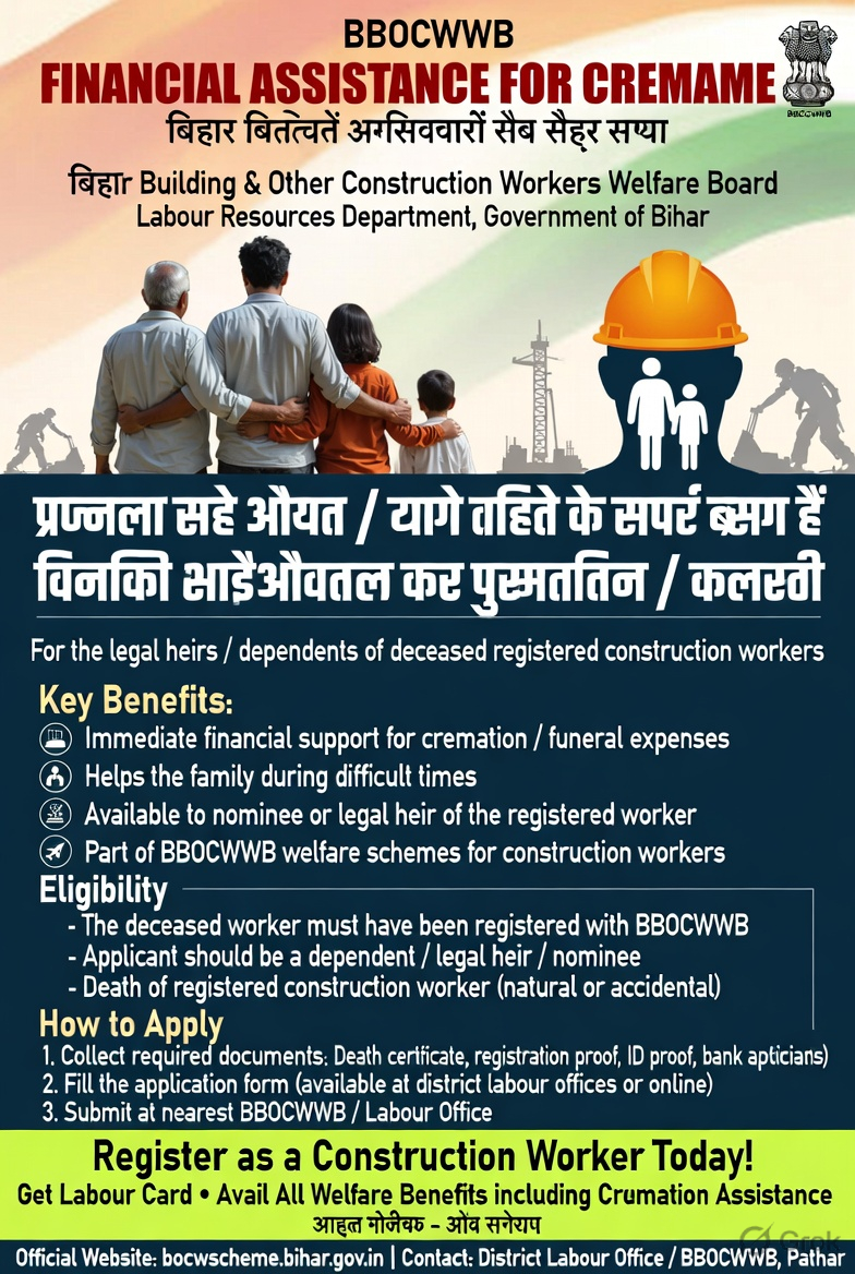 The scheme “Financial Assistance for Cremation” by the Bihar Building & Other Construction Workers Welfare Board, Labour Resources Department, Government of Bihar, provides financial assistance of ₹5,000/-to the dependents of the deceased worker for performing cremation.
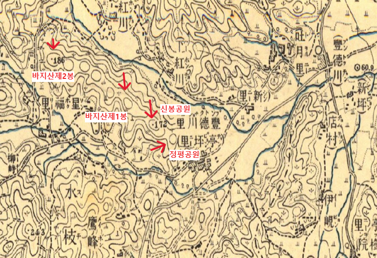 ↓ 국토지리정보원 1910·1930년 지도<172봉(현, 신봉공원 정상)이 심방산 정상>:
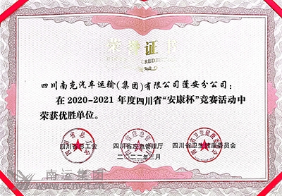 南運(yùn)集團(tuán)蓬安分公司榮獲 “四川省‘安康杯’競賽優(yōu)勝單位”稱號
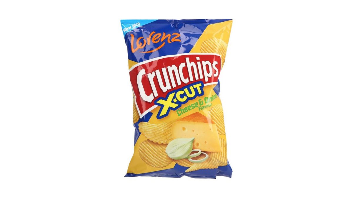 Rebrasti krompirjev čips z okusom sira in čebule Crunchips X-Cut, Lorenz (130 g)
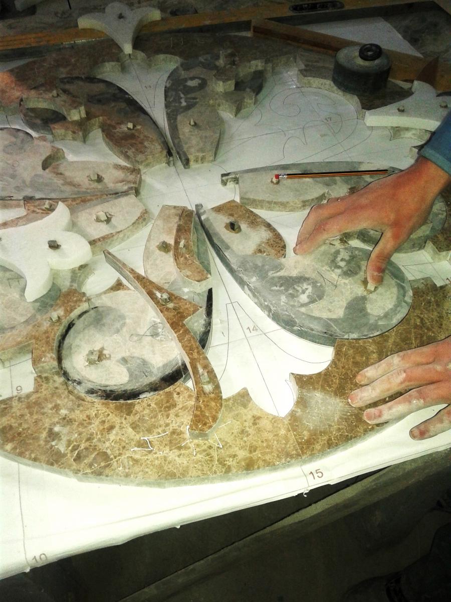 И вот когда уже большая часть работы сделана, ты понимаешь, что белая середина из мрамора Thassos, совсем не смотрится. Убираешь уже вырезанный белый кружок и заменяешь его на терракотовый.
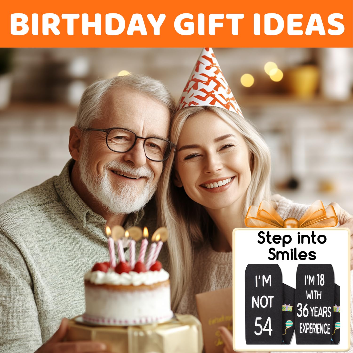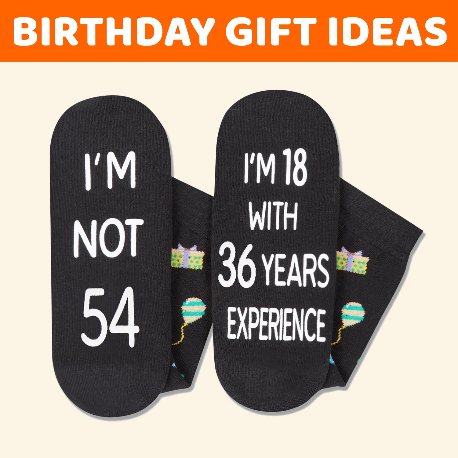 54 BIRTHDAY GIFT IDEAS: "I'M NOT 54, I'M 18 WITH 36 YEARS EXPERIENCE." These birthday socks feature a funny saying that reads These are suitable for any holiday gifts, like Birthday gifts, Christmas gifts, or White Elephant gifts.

==*==

YOUR ASSIGNMENT: From the records above, copy only the lines running from the line holding "南運(yùn)集團(tuán" through the line holding "И вот когда", with no pictures.

OUTPUT:
 南運(yùn)集團(tuán)蓬安分公司榮獲 “四川省‘安康杯’競賽優(yōu)勝單位”稱號
 Rebrasti krompirjev čips z okusom sira in čebule Crunchips X-Cut, Lorenz (130 g)
 И вот когда уже большая часть работы сделана, ты понимаешь, что белая середина из мрамора Thassos, совсем не смотрится. Убираешь уже вырезанный белый кружок и заменяешь его на терракотовый.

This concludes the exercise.